Task brief | Word for word, copy the data that follows and skip its pictures.

[Opening Data listing section]

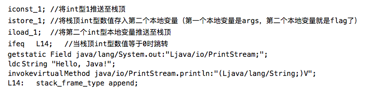 其实这个文件就是一系列字节码指令的集合,上面 main 方法中的字节码指令我们可以分两部分来看。接下来我们一部分一部分来分析:
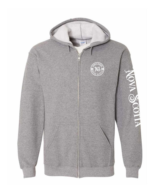 Made In Nova Scotia ( White Lettering) Left Chest and Back zip-hoodie
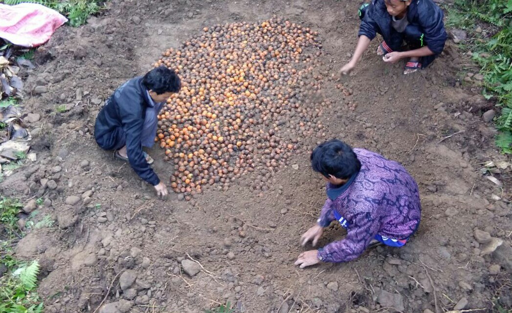 “A good quality seeds is always required to secure a good number of saplings”, says Milip Hanse a farmer. Farmers collectively worked support to one another in digging the ground, forming placing of seeds in an upright position closed to another seed and covering with a thin layer of soil and dry leaves and twigs. “To complete the whole process it takes six months,” says Mongol Hanse, Animator of Farm.
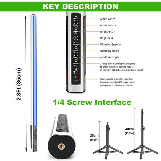 Unicozin 4 Pack RGB Tube Light Bar with Light Stand, 5200mAh Rechargeable Battery, 11-Level Brightness, 500 Lighting Effects for DJ Lighting, Dance Club and Photography Lighting
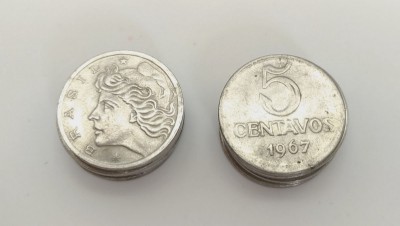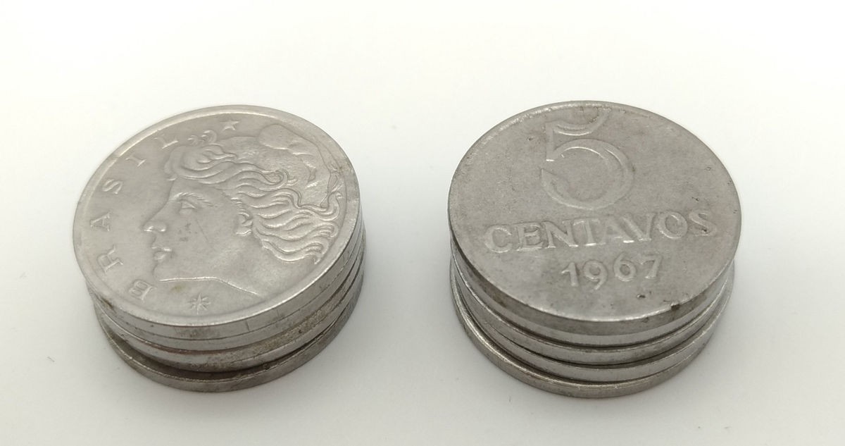 10 MOEDAS BRASILEIRAS DE 5 CENTAVOS (1967).

[Closing Data listing section]

Written answer |
 其实这个文件就是一系列字节码指令的集合,上面 main 方法中的字节码指令我们可以分两部分来看。接下来我们一部分一部分来分析:
 Made In Nova Scotia ( White Lettering) Left Chest and Back zip-hoodie
 “A good quality seeds is always required to secure a good number of saplings”, says Milip Hanse a farmer. Farmers collectively worked support to one another in digging the ground, forming placing of seeds in an upright position closed to another seed and covering with a thin layer of soil and dry leaves and twigs. “To complete the whole process it takes six months,” says Mongol Hanse, Animator of Farm.
 Unicozin 4 Pack RGB Tube Light Bar with Light Stand, 5200mAh Rechargeable Battery, 11-Level Brightness, 500 Lighting Effects for DJ Lighting, Dance Club and Photography Lighting
 10 MOEDAS BRASILEIRAS DE 5 CENTAVOS (1967).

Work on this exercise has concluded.